When you create the password and save your recovery key, you’ll be prompted to begin the encryption process, as shown in Figure E.


During the encryption process, you’ll see a standard progress monitor that will keep you apprised of the operation, as shown in Figure F. The amount of time that it will take to complete the process will depend on how large the drive is. As you can see, there is a Pause button that will allow you to temporarily halt the process should you need to perform another task.


Of course, once the encryption is complete, BitLocker To Go displays a confirmation dialog box and changes the icon associated with the encrypted drive, as shown in Figure G.


Using a BitLocker To Go encrypted drive in Windows 7

When you later insert the BitLocker To Go encrypted drive in the Windows 7 system, you will immediately be prompted to enter the password, as shown in Figure H. If you wish, you can select the Show Password Characters as I Type Them check box, so that you can see the letters; otherwise, you’ll see asterisks.
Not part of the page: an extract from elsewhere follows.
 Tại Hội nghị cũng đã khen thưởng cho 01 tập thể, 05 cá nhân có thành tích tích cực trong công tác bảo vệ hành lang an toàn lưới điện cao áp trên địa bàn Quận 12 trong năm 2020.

After you type the password, you can select the Automatically Unlock on This Computer from Now On check box to store the password in Windows 7’s password cache.

Once you click Unlock, you’ll see an AutoPlay dialog box that prompts you to view the files or use ReadyBoost, as shown in Figure I. When you click the Open Folder to View Files button, you will be able to access the drive and its contents as you normally would.
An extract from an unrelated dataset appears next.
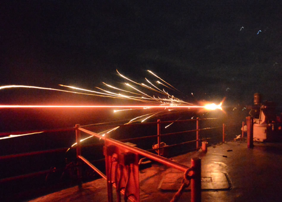 ATLANTIC OCEAN (Feb. 6, 2013) A 25 mm machine gun fires during a live fire exercise aboard the amphibious dock landing ship USS Carter Hall (LSD 50). Carter Hall is participating in Composite Training Unit Exercise (COMPTUEX) off the East Coast of the U.S. in preparation for a deployment this spring. (U.S. Navy photo by Mass Communication Specialist 3rd Class Chelsea Mandello)

Using a BitLocker To Go encrypted drive in Windows XP/Vista

When you insert the BitLocker To Go encrypted drive in a Windows XP or Vista system, you will see an AutoPlay dialog box that prompts you to install the BitLocker To Go Reader, as shown inFigure J. When you click this button, it will take just a moment to install and run the Reader.

You’ll then see the BitLocker To Go Reader dialog box, which will prompt you to enter your password, as shown in Figure K. Notice that the Automatically Unlock on This Computer from Now On check box is missing from this dialog box. However, the Show Password Characters check box is still available.

After you type the password and click the Unlock button, you’ll see the BitLocker To Go Reader window, which essentially looks like Windows Explorer, as shown in Figure L. However, it doesn’t work like Windows Explorer.

If you attempt to open any file by double-clicking it in the BitLocker To Go Reader window, you’ll immediately be prompted to copy the file to the desktop, as shown in Figure M — you won’t be able to open the file on the USB drive.


If you attempt to copy a file from the computer to the BitLocker To Go Reader window, you’ll immediately see the error message shown in Figure N.